ACTIVITY -
Starting at the line below with "Комплект постачання включає" and stopping at the line with "キッチンに吊戸棚がない為、明", please print each line exactly, those two included, and skip every picture.

SOURCE INFORMATION -
══════

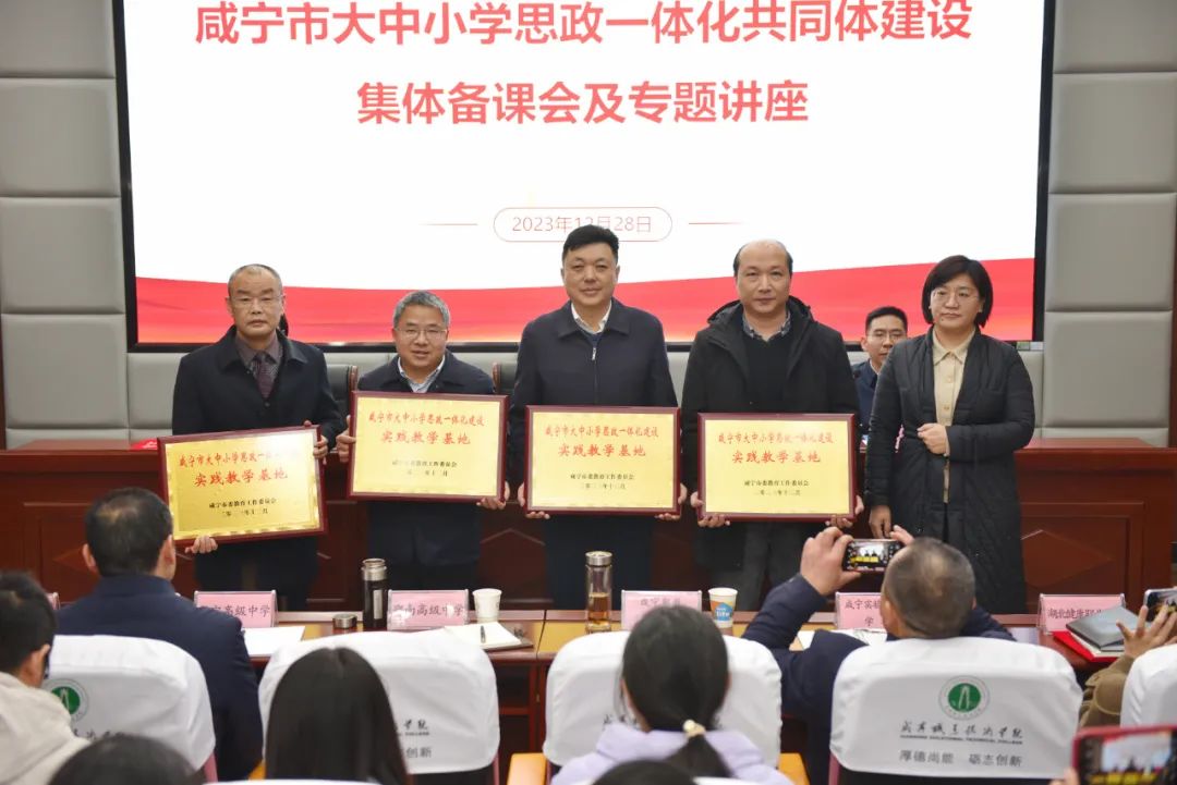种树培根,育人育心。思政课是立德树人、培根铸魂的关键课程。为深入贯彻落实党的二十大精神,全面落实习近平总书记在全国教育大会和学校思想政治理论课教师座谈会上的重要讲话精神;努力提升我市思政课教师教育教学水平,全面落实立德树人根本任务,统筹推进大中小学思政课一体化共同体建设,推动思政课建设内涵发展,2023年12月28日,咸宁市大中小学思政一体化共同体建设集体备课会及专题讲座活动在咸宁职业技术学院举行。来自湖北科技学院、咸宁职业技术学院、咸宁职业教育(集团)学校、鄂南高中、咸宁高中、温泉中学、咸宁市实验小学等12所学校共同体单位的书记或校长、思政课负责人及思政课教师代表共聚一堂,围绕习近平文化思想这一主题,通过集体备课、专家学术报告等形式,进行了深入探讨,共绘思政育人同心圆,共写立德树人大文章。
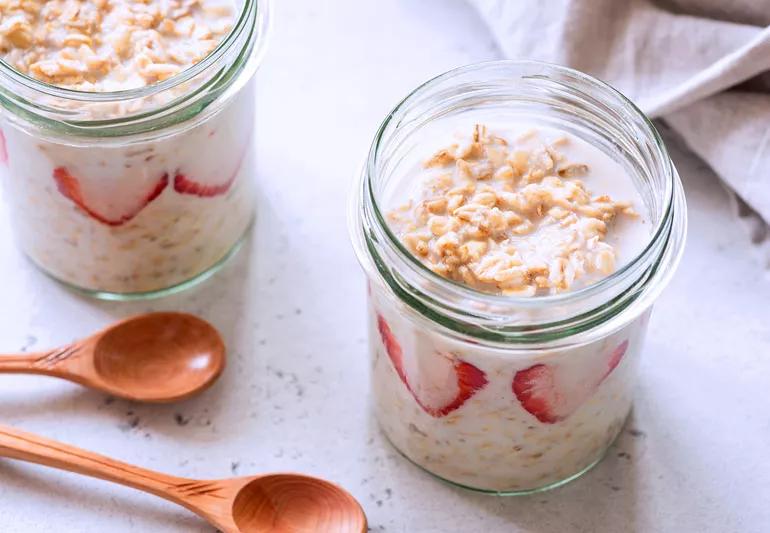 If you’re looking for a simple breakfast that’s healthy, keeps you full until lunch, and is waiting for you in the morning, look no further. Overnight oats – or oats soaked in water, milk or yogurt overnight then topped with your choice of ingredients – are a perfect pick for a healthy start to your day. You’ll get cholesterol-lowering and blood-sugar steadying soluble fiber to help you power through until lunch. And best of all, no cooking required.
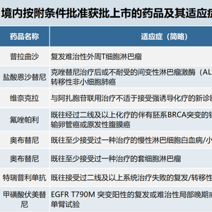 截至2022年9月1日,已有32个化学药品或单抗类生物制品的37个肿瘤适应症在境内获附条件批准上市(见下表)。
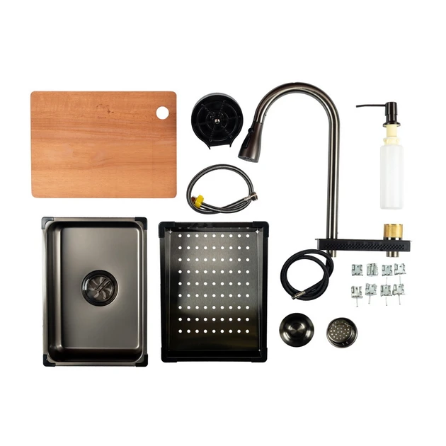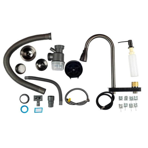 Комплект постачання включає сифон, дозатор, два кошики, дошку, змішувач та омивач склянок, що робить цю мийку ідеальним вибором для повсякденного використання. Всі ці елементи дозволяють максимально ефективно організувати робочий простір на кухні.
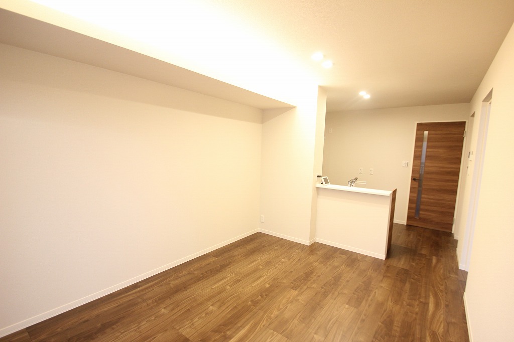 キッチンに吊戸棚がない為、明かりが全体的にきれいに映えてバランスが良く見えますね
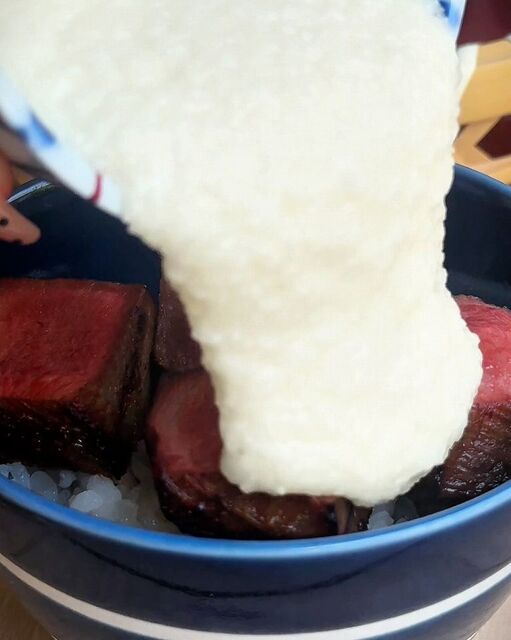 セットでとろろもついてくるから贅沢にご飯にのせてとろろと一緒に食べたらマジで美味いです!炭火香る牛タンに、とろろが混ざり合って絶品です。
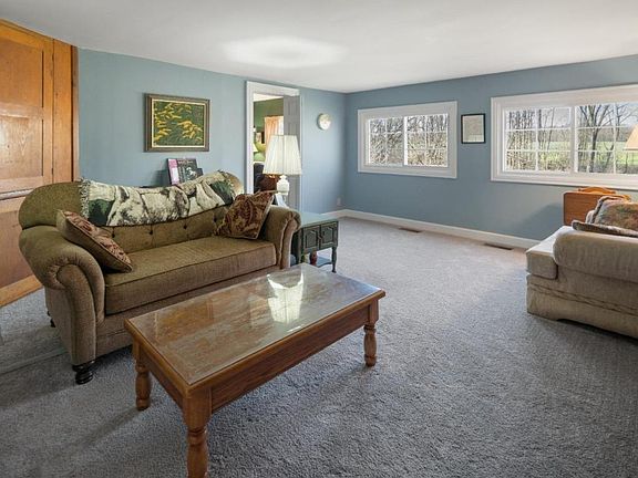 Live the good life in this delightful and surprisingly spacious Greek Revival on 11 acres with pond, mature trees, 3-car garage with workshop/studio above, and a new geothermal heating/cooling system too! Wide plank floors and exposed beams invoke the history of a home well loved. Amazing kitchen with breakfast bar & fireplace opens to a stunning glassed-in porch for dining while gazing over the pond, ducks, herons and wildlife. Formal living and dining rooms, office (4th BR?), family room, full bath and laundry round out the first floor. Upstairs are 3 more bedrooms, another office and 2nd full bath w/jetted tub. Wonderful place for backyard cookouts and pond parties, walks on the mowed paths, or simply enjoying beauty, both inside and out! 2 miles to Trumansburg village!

══════

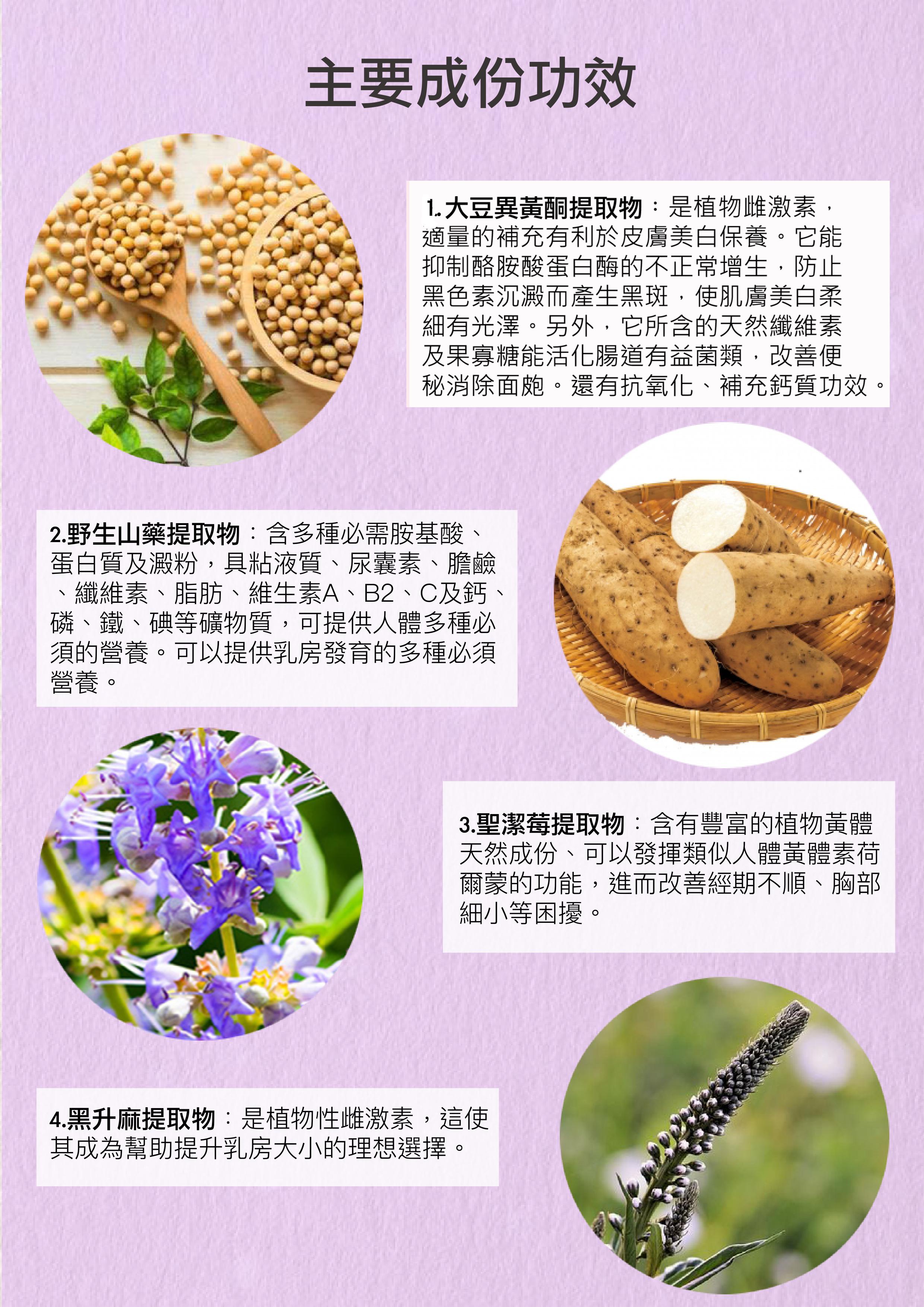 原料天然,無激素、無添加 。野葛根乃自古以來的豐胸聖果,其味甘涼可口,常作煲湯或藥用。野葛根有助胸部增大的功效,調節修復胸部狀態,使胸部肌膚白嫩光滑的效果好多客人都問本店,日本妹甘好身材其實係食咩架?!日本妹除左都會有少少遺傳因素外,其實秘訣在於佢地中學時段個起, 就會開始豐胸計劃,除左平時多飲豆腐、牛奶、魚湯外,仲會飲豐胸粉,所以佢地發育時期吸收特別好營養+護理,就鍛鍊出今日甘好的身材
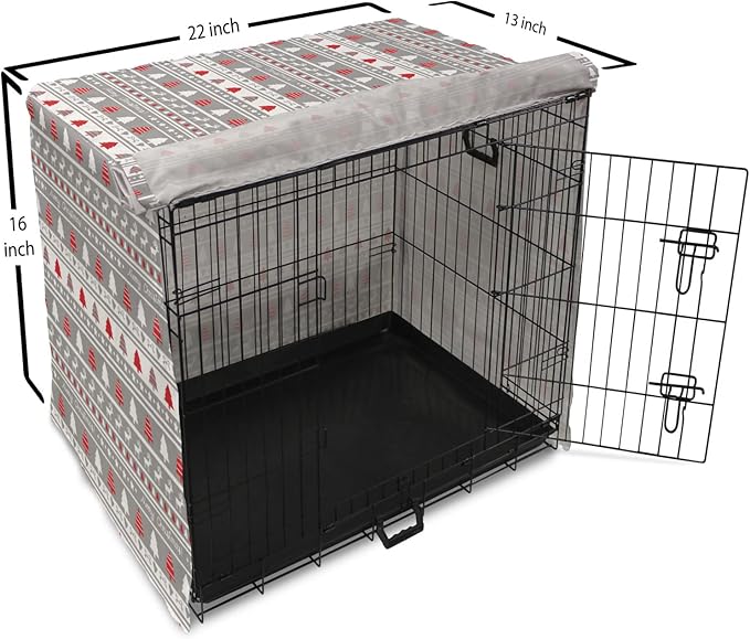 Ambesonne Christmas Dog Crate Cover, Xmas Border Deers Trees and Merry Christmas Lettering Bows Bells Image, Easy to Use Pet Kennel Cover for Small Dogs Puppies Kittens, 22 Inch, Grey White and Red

══════

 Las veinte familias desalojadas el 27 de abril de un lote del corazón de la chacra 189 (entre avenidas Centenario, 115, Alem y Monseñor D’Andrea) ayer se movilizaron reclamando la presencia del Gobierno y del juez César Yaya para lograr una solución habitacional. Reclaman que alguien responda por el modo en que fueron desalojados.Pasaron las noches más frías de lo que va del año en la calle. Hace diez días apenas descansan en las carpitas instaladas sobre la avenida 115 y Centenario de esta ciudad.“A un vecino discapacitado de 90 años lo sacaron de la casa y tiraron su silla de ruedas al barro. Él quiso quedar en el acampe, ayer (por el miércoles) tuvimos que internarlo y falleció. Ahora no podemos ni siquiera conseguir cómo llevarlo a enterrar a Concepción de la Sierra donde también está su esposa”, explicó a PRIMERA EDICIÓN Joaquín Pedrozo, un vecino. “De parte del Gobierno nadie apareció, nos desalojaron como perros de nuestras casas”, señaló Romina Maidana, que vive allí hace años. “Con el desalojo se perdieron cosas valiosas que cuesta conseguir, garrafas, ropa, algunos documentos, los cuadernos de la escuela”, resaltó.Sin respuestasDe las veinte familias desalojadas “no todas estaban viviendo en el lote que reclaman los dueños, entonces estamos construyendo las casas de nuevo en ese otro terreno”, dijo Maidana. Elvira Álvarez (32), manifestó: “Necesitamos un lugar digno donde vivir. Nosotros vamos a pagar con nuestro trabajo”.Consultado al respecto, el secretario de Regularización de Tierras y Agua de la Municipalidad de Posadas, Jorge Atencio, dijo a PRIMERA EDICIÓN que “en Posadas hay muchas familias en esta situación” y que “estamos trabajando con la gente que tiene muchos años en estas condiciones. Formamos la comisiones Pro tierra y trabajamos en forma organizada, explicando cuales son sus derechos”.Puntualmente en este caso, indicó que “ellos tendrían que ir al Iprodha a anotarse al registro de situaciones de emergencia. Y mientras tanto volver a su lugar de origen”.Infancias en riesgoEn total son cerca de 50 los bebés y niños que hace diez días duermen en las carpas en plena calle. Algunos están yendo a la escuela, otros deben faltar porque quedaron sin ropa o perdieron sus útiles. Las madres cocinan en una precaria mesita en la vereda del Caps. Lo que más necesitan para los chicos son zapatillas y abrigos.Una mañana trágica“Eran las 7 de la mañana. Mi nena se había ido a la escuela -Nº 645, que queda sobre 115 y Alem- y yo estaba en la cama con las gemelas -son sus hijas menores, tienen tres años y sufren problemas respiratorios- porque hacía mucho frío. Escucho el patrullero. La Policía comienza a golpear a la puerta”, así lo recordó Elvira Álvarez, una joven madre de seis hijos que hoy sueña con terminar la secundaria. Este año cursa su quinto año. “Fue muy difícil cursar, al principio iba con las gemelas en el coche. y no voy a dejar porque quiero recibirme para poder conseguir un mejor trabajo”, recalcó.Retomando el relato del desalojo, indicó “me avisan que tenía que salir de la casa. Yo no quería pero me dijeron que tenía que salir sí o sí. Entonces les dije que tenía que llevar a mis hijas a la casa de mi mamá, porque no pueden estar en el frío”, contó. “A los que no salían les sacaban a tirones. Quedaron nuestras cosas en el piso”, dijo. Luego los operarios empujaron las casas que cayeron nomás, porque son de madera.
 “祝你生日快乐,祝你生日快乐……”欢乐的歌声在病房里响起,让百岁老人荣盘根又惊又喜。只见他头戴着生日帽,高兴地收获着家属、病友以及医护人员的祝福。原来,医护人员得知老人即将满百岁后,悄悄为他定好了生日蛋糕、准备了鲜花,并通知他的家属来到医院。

══════

RESULT OF THE EXERCISE -
 Комплект постачання включає сифон, дозатор, два кошики, дошку, змішувач та омивач склянок, що робить цю мийку ідеальним вибором для повсякденного використання. Всі ці елементи дозволяють максимально ефективно організувати робочий простір на кухні.
 キッチンに吊戸棚がない為、明かりが全体的にきれいに映えてバランスが良く見えますね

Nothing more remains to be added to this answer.